Detailed Explanation

In this chunk, we find the overall mid-frequency gain by considering how the circuit’s inherent gain is affected by the resistive components in the circuit. Using the given resistance values, we find that the overall gain is -169, indicating an amplification factor with a phase shift. This calculation is vital for predicting how the circuit will behave with real input signals.

Examples & Analogies

Imagine a team where one strong member (the circuit’s voltage gain) is not only hindered by the weak members (the resistive network) but instead collaborates with them to achieve a common output, highlighting the importance of teamwork in achieving goals.

Definitions & Key Concepts

Learn essential terms and foundational ideas that form the basis of the topic.

Key Concepts

  • Frequency Response: Refers to how the output of a circuit varies with frequency.

  • Cutoff Frequencies: Indicates points at which the amplifier stops being effective and defines its bandwidth.

  • Input Capacitance: Critical for determining the amplifier's frequency response by affecting the timing and phase of signals.

  • Voltage Gain: Measurements of how much an amplifier boosts signal power.

Examples & Real-Life Applications

See how the concepts apply in real-world scenarios to understand their practical implications.

Examples

  • An example of calculating input capacitance is using C_in = C + C_M (1 + A_v) from the specified circuit parameters.

  • Calculating lower cutoff frequency using the formula f_L = 1/(2Ο€RC) where R and C are from the circuit.

Memory Aids

Use mnemonics, acronyms, or visual cues to help remember key information more easily.

🎡 Rhymes Time

  • To keep the gain in sight, calculate with all your might; when frequencies come around, the cutoff will be found.

πŸ“– Fascinating Stories

  • Imagine a music band playing at different volumes.

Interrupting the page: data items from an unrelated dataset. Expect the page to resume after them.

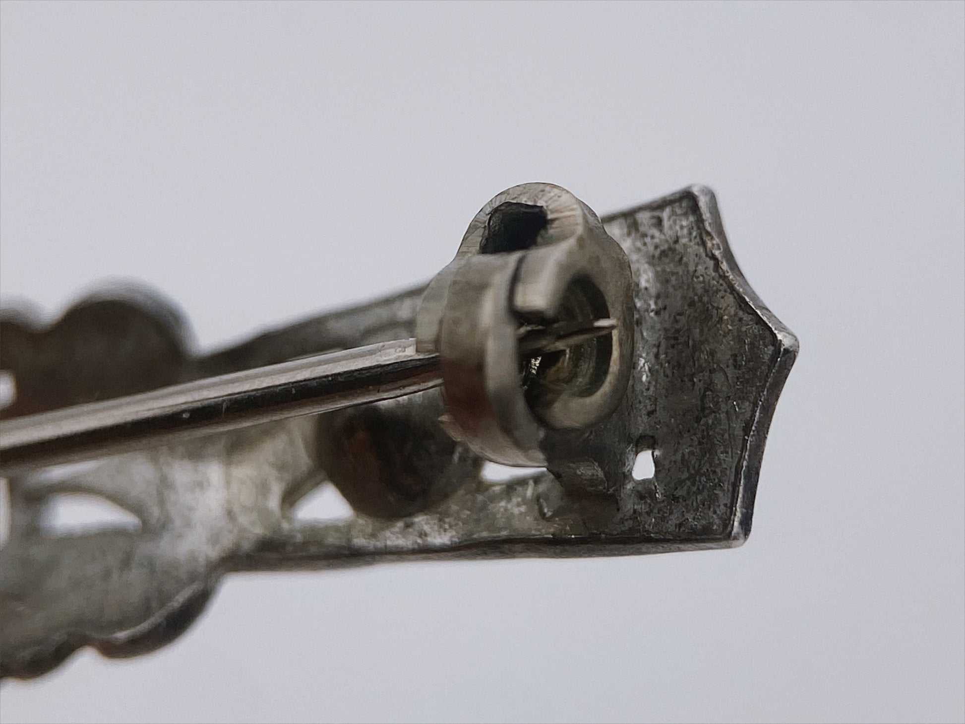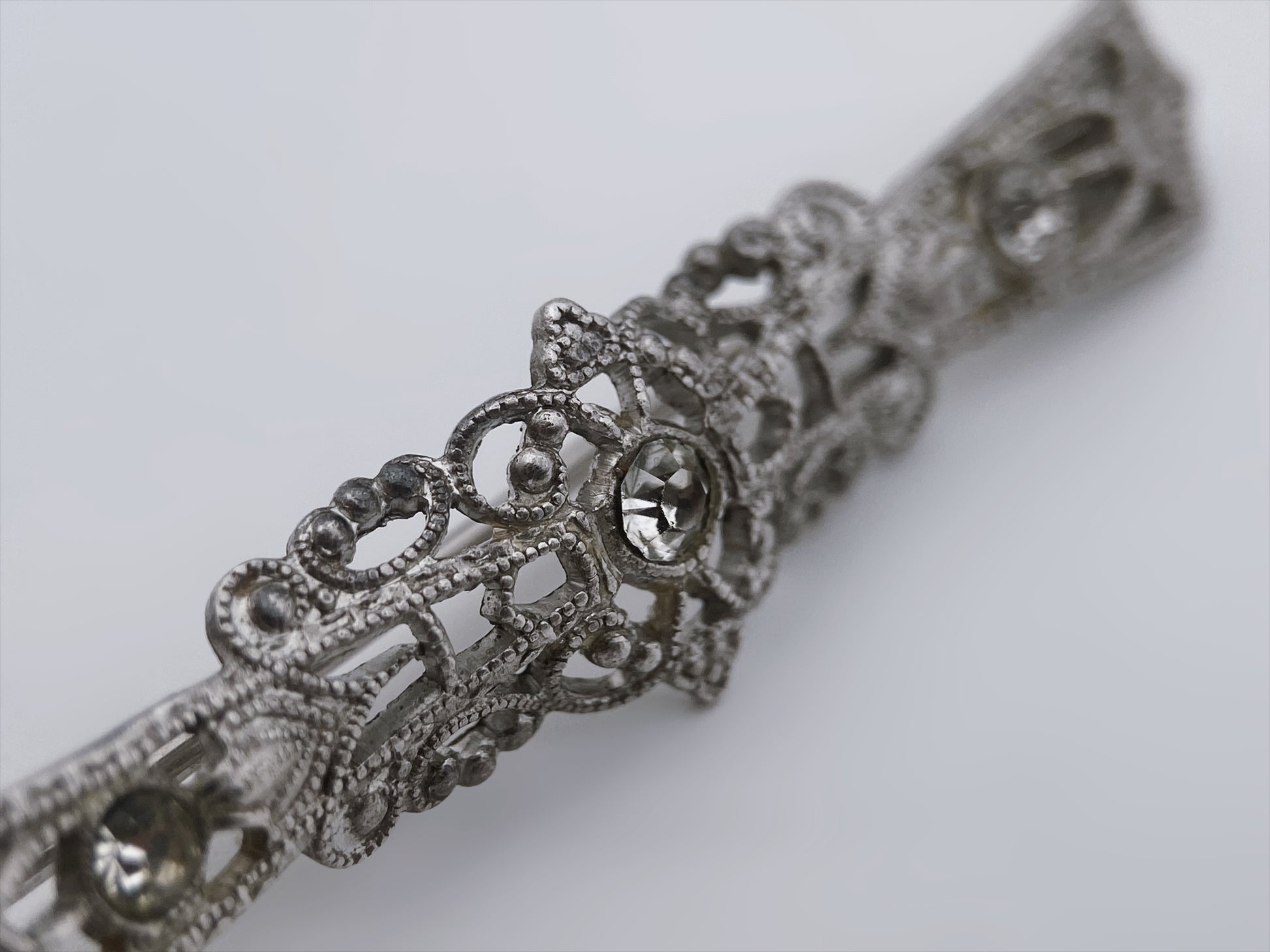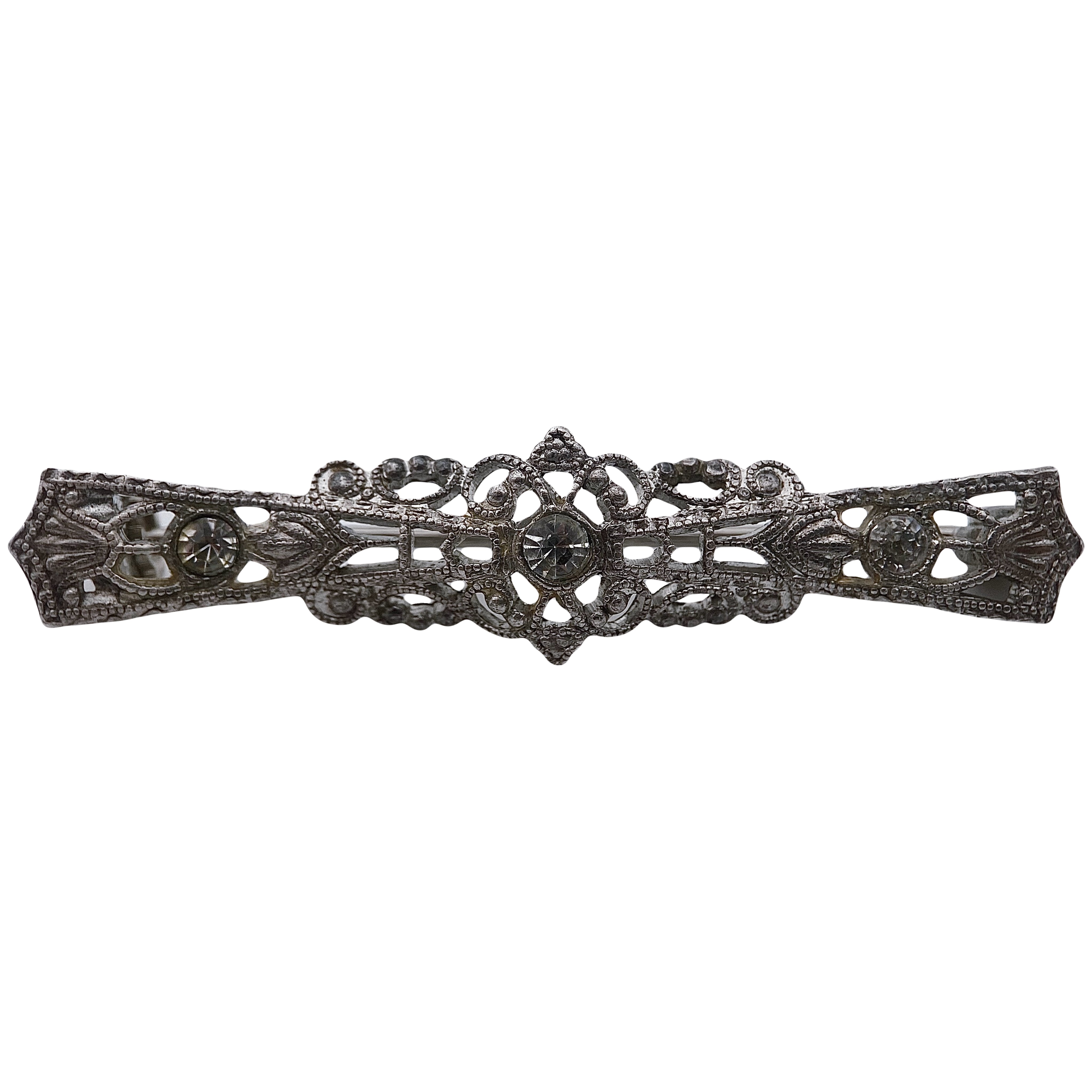 Ažūrinio dizaino sagė iš sidabro spalvos metalo, puošta trimis skaidriais stiklo kristalais. Sagės paviršius dekoruotas smulkiomis granulėmis ir augaliniais ornamentais, primenančiais edwardiško ar art deco laikotarpio estetiką. Metalas yra nepoliruotas, su švelnia patina, suteikiančia senovinį charakterį. Išraiškingas dizainas, turintis panašumų su Edwardian (1900–1915) arba Art Deco (1920–1930) stiliais.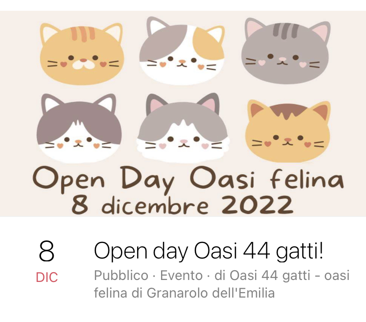 L’Oasi Felina di Granarolo sarà aperta il giorno 8 dicembre dalle 10 alle 18 per accogliere i visitatori, mostrare la struttura e gli ospiti a 4 zampe e offrire uno spuntino o una merenda e un bicchiere di buon augurio.
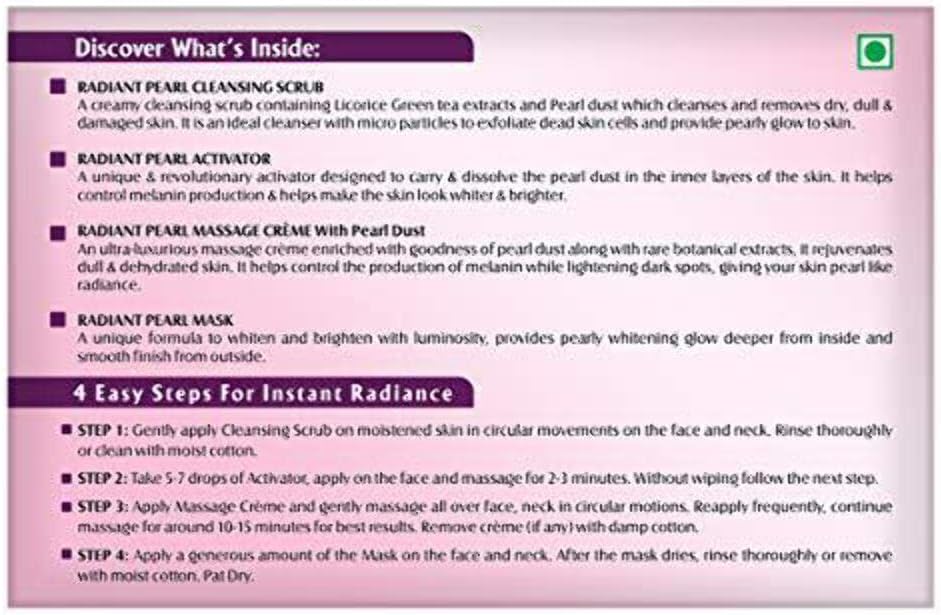 Lotus Herbals Radiant Pearl Facial Kit Contains: One Radiant Pearl Exfoliating Cleanser – This Creamy Exfoliating Cleanser Contains Licorice Green Tea Extracts And Pearl Dust Which Cleanses And Removes Dry, Dull And Damaged Skin, It Is An Ideal Cleanser With Micro Particles To Exfoliate Dead Skin And Provide Pearly Glow To Skin. One Radiant Pearl Activator – A Revolutionary Pearl Activator Designed To Dissolve Pearl Dust In Order To Control Melanin Production And Make The Skin Whiter And Brighter. One Radiant Pearl Massage Creme With Pearl Dust – An Ultra Luxurious Massage Creme Enriched With Goodness Of Pearl Dust Along With Rare Botanical Extracts. It Rejuvenates Dull And Dehydrated Skin, Helping To Control The Production Of Melanin While Lightening Dark Spots And Gives Your Skin Pearl Like Radiance. One Radiant Pearl Mask – A Unique Formula To Whiten And Brighten With Luminosity, Provides Pearly Whitening Glow Deeper From Inside And Smooth Finish From Outside Suitable For All Skin Types Box Contains: Radiant Pearl Cleansing Scrub – 10 G X 1 Pc Radiant Pearl Activator – 7 G X 1 Pc Radiant Pearl Massage Cream With Pearl Dust – 10 G X 1 Pc Radiant Pearl Mast – 10 G X 1 Pc.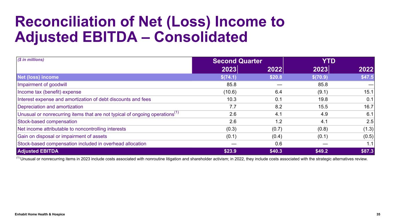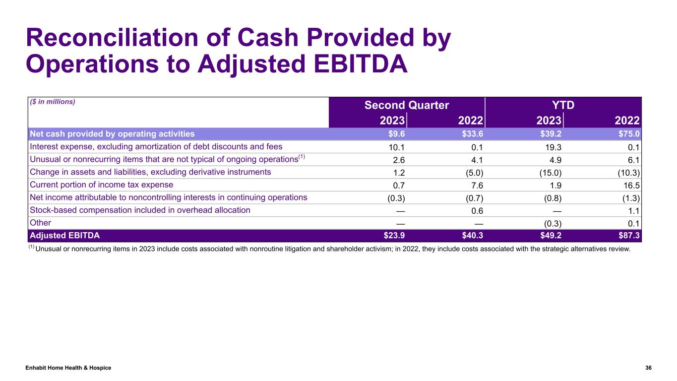Enhabit Home Health & Hospice 35 Reconciliation of Net (Loss) Income to Adjusted EBITDA – Consolidated ($ in millions) Second Quarter YTD 2023 2022 2023 2022 Net (loss) income $(74.1) $20.8 $(70.9) $47.5 Impairment of goodwill 85.8 — 85.8 — Income tax (benefit) expense (10.6) 6.4 (9.1) 15.1 Interest expense and amortization of debt discounts and fees 10.3 0.1 19.8 0.1 Depreciation and amortization 7.7 8.2 15.5 16.7 Unusual or nonrecurring items that are not typical of ongoing operations(1) 2.6 4.1 4.9 6.1 Stock-based compensation 2.6 1.2 4.1 2.5 Net income attributable to noncontrolling interests (0.3) (0.7) (0.8) (1.3) Gain on disposal or impairment of assets (0.1) (0.4) (0.1) (0.5) Stock-based compensation included in overhead allocation — 0.6 — 1.1 Adjusted EBITDA $23.9 $40.3 $49.2 $87.3 (1) Unusual or nonrecurring items in 2023 include costs associated with nonroutine litigation and shareholder activism; in 2022, they include costs associated with the strategic alternatives review.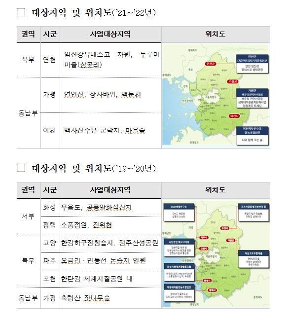 생태관광거점 사업은 2019년부터 ▲ 화성 우음도 ▲ 평택 바람새마을 ▲ 고양 장항습지 ▲ 파주 질오목마을 ▲ 포천 한탄강 생태문화체험센터 ▲ 가평 아침고요푸른마을 등 6곳에서도 진행됐다.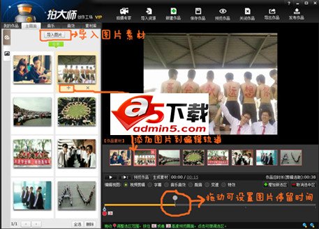 第2步:【素材导入】如下图2,导入图片素材,将图片添加到编辑轨道,设置图片停留时间。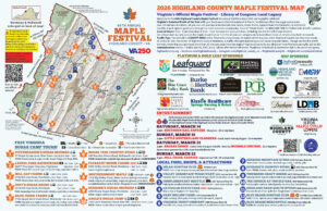 2026 Brochure with Sugar Trail Map: Click here to view and download a PDF file of the brochure. You can find a physical copy at various Visitor Centers and locations within and without the county starting in January, including the Highland County Visitor Center located in the Highlander at 27 West Main Street in Monterey. (Please be sure to “scale to fit” if you want to print your own on a standard sheet of paper). You can also use our online brochure order form to have a copy mailed by clicking here.

Frequencies below and above a certain range are not heard much, just like cutoff frequencies in amplifiers.

🧠 Other Memory Gems

  • CAG for remembering: C stands for Cutoff, A for Amplifier, G for Gain.

🎯 Super Acronyms

M.C.P. for Memory

  • Miller’s effect
  • Cutoff frequencies
  • and Pole calculations.

Flash Cards

Review key concepts with flashcards.

Glossary of Terms

Review the Definitions for terms.

  • Term: Frequency Response

    Definition:

    The output response of a circuit as a function of frequency.

  • Term: Cutoff Frequency

    Definition:

    The frequency at which the output power drops to half its maximum value, indicating the bandwidth of the amplifier.

  • Term: MidFrequency Gain

    Definition:

    The voltage gain of an amplifier at the frequencies where it operates most effectively.

  • Term: BJT

    Definition:

    Bipolar Junction Transistor, a type of transistor that uses both electron and hole charge carriers.

  • Term: MOSFET

    Definition:

    Metal-Oxide-Semiconductor Field-Effect Transistor, a type of transistor used for amplifying or switching electronic signals.

  • Term: Miller Effect

    Definition:

    A phenomenon in which the capacitance between the input and output of an amplifier increases the effective input capacitance.